_Problem description_: Retype only the lines below from the one with "Caixa contém: 1" to the one with "先生とボールをポーン!投げたり蹴ったり転がしたりしました。", inclusive, skipping every image.

---------- Supplied records ----------

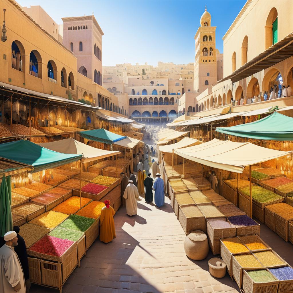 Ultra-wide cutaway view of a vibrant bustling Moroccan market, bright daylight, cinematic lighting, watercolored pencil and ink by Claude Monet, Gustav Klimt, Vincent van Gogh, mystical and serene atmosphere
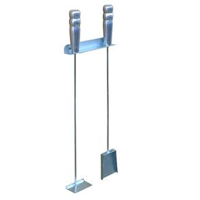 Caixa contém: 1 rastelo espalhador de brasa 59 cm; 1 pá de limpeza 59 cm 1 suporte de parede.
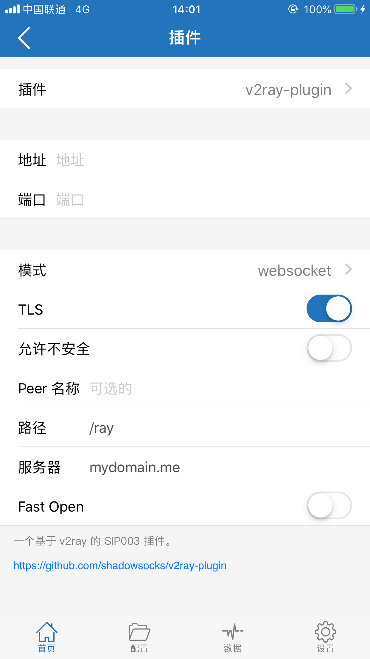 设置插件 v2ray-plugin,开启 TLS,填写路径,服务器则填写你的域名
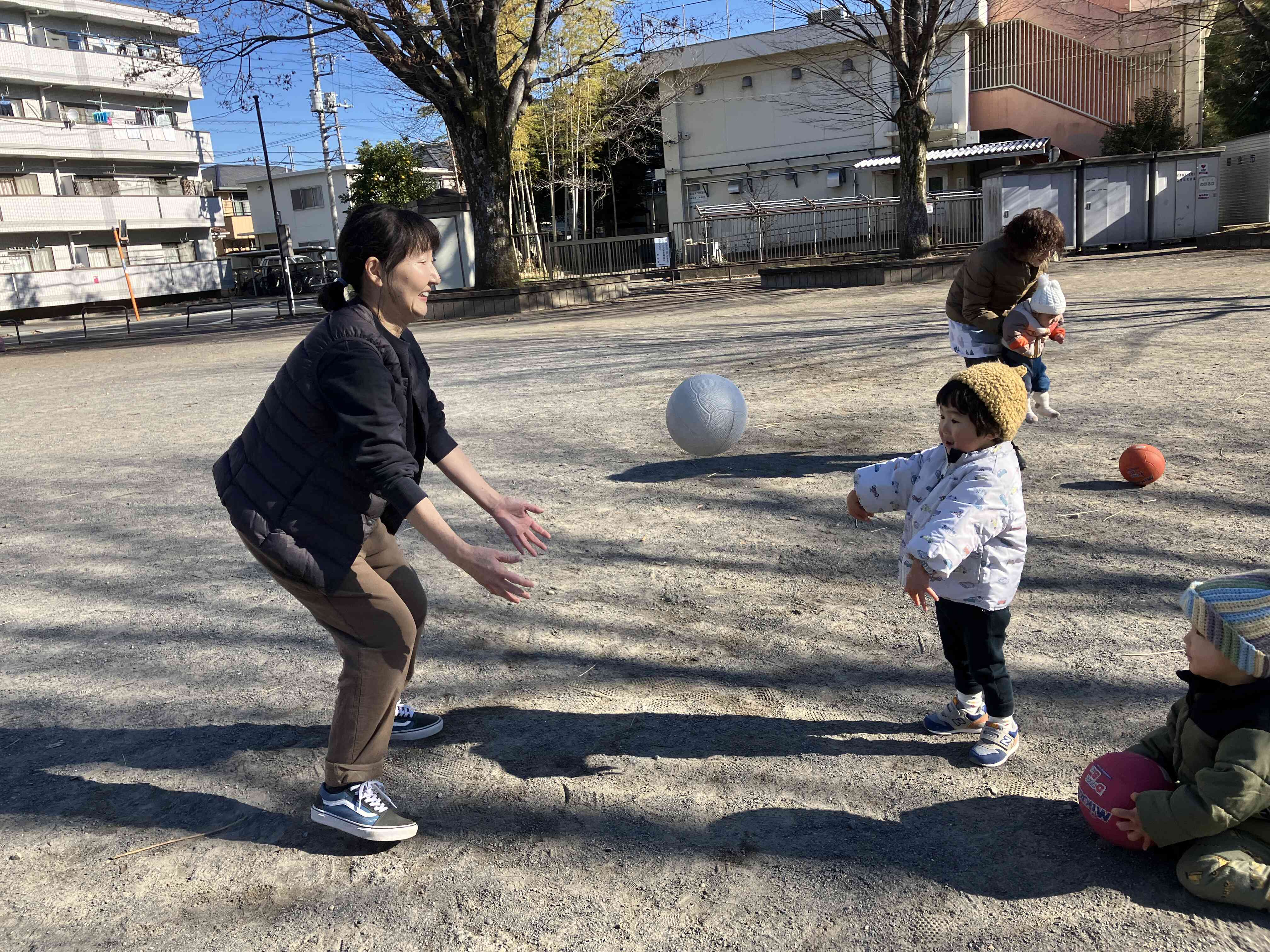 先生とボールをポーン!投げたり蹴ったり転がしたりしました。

----------
---------- Supplied records ----------

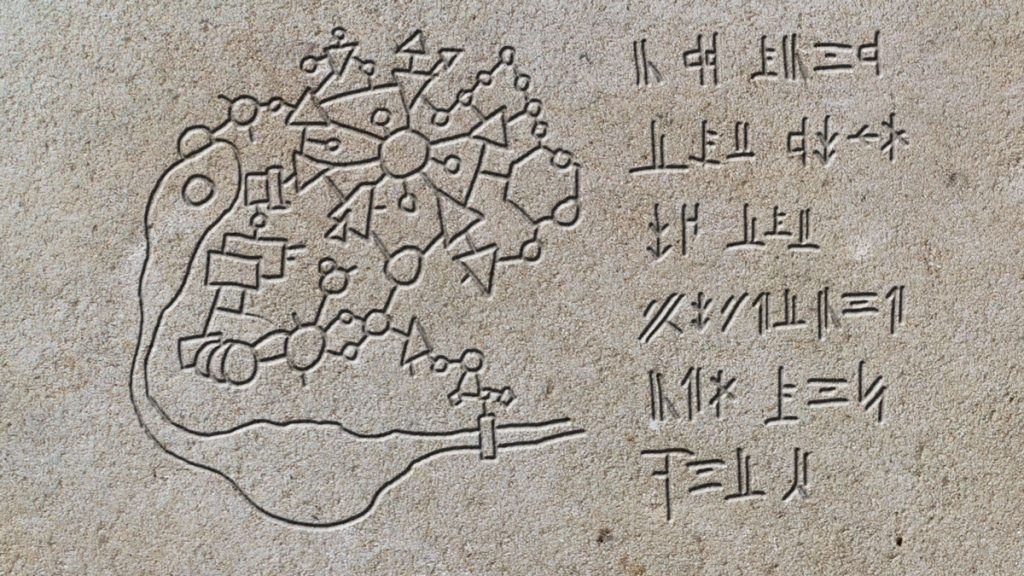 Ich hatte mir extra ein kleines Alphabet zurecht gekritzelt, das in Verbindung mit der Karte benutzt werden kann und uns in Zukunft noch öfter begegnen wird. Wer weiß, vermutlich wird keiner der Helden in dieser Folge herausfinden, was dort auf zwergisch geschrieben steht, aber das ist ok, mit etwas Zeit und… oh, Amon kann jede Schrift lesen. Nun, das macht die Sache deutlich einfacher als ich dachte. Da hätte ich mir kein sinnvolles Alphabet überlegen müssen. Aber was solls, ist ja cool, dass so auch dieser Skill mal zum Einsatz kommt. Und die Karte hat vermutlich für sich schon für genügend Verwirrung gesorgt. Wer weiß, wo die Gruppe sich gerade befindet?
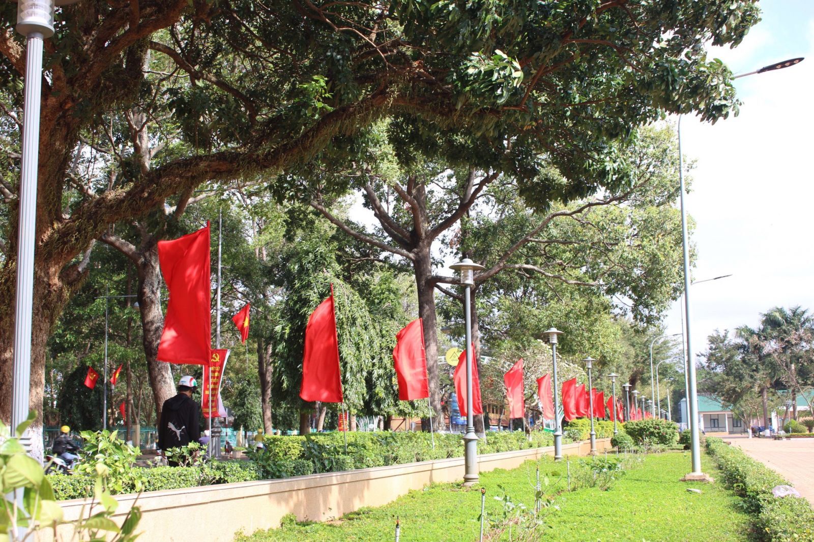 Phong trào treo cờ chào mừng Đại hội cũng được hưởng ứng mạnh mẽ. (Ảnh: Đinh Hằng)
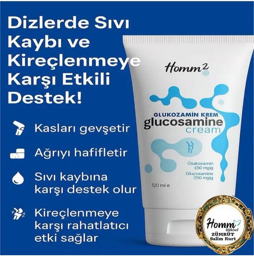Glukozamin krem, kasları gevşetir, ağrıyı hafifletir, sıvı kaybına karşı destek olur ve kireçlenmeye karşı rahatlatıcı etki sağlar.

----------

_Solution_:
 Caixa contém: 1 rastelo espalhador de brasa 59 cm; 1 pá de limpeza 59 cm 1 suporte de parede.
 设置插件 v2ray-plugin,开启 TLS,填写路径,服务器则填写你的域名
 先生とボールをポーン!投げたり蹴ったり転がしたりしました。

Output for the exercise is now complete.